You see, it never used to be so damned corporate. Back in 1997, Paul Stewart and his father John (or "Jackie", as everyone insists on calling him. It's a Scottish thing) entered the world of Formula One. They got Ford as a works engine supplier, HSBC as a title sponsor - hell, they even got Rubens Barrichello as lead driver. The car, with its clean white lines and understated tartan motif looked the part, and was on a par with the Benettons in terms of speed.

It had just one tiny problem: it was as fragile as a porcelain kitten.

Chances are, when you saw a Stewart overtaking someone, you'd see it belching smoke and flames within five laps.

And yet, we cheered on Jackie's boys, willing them to do well, buoyed by a single podium in Monte Carlo in 1997. Even the realisation Jan Magnussen drives like your nan, that Jos Verstappen drives like the walking ATM that he is, that there is seemingly no limit to the ways that tiny screws and rubber O-rings can really screw up a V10 engine, we held hope.
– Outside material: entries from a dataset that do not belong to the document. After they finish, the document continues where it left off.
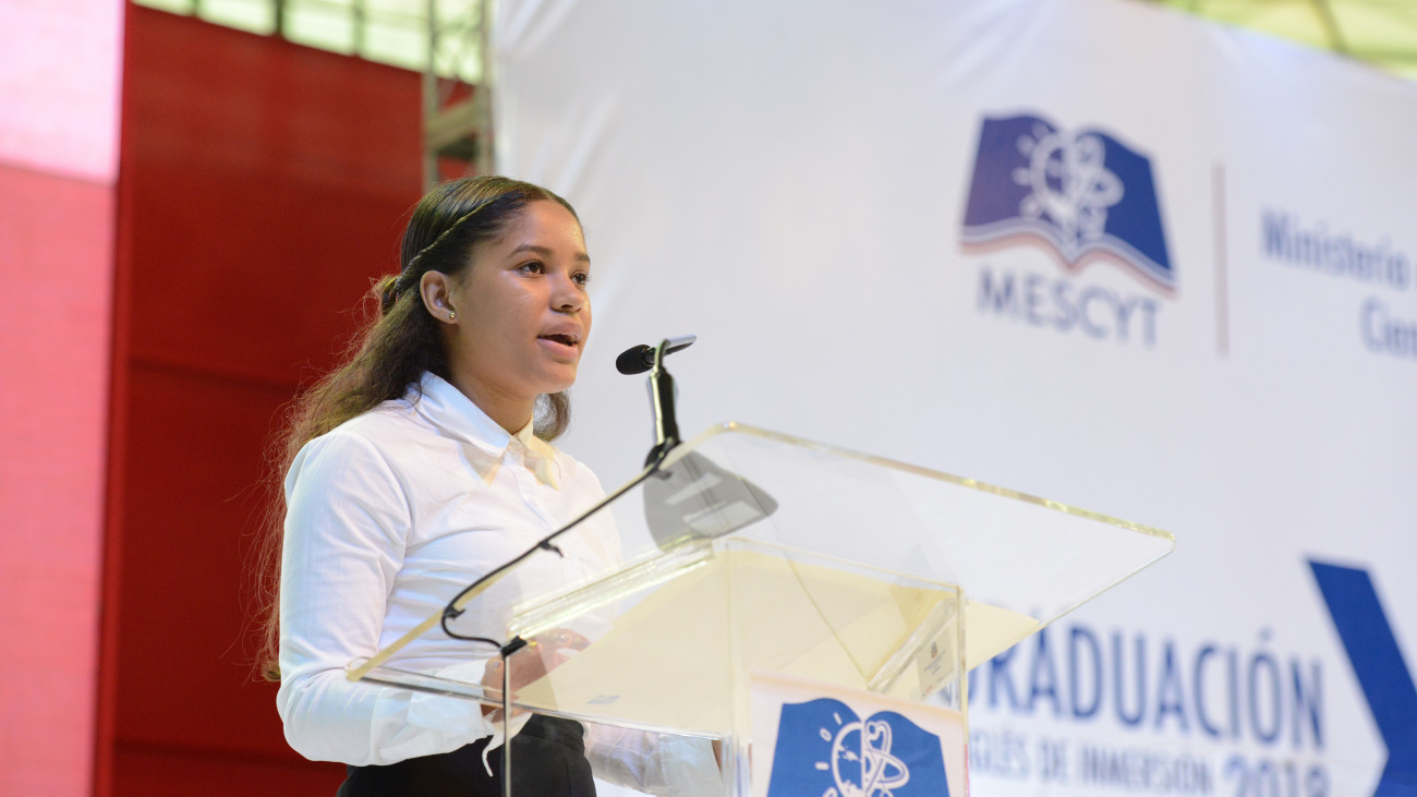 Yulenny Encarnación Vicente, recinto Urania Montás, en San Juan de la Maguana, agradeció en representación de sus compañeros, en los dos idiomas, inglés-español.
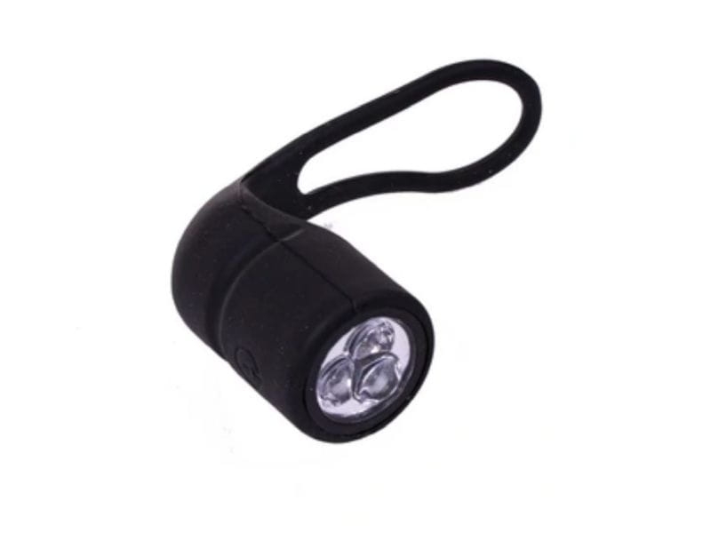Lampka Przednia 3 LED Silikon Czarna to praktyczne i niezawodne oświetlenie dla każdego rowerzysty, dbającego o bezpieczeństwo podczas jazdy po zmroku lub w słabszych warunkach widoczności. Dzięki kompaktowej konstrukcji oraz silikonowej obudowie, lampka jest lekka, trwała i odporna na działanie warunków atmosferycznych.
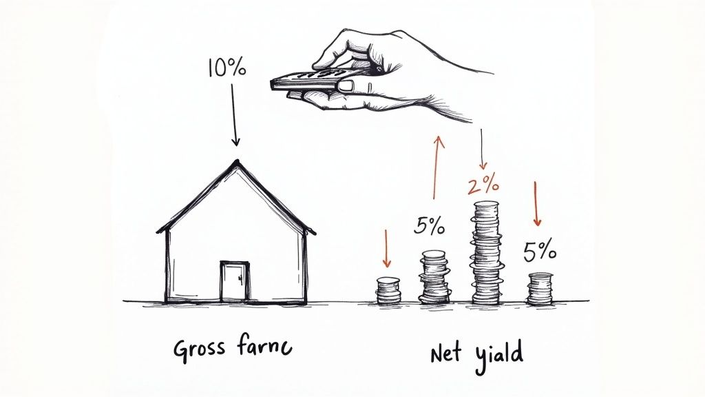 Gross yield is a great starting point—a quick-and-dirty number to see if a property is even in the ballpark. But it's only half the story. If you want to understand what a property really earns you, you need to calculate the net rental yield. This is the number that shows your true cash flow after you’ve paid all the bills.
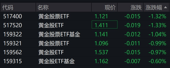 受盘面影响,跟踪中证沪深港黄金产业股票指数的ETF集体翻绿跌约1%。

And then, one wet day in Autumn 1999, Johnny Herbert went and won us a Grand Prix.

About two weeks after Jackie Stewart sold the team to Ford.

In the words of James May: "Oh, cock."

Sunday, 21 November 2010

Down The Tube

Well, that was depressing. Once again, my beloved Arsenal have shown they are most spectacularly capable of snatching defeat from the jaws of victory.

And against Spurs, no less. Herbert Chapman would have had kittens.

It seems that Arsenal's time at the Emirates has been a curse (if you live in North London, and know of a former worker at the Ashburton Grove industrial park with a Tottenham shirt and working knowledge of voodoo, please let me know). Time was, at Highbury, you'd get off the tube at Finsbury Park station - despite the fact that Arsenal tube station was opposite the North Bank - and join 30,000 others descending upon Gillespie Road or Avenell Road, bringing the whole of N5 into a red and white standstill.

Nowadays, of course, where you get off the tube depends largely on where you're sitting, thanks to the fact that Arsenal have built the new ground smack dab at the halfway point between Arsenal and Holloway Road stations. They even had the foresight to build it right next to Drayton Park (which, according to the 1970's era London Game, I long to discover) - and, of course, Drayton Park is now closed on matchdays.

If it wasn't so damned stupid, it'd be hilarious. Much like Fabianski's goalkeeping...speaking of which, I have a suggestion for Ol' Flappy-Hands. Take the Picadilly Line. Keep going until you reach Heathrow. Get plane. Don't come back.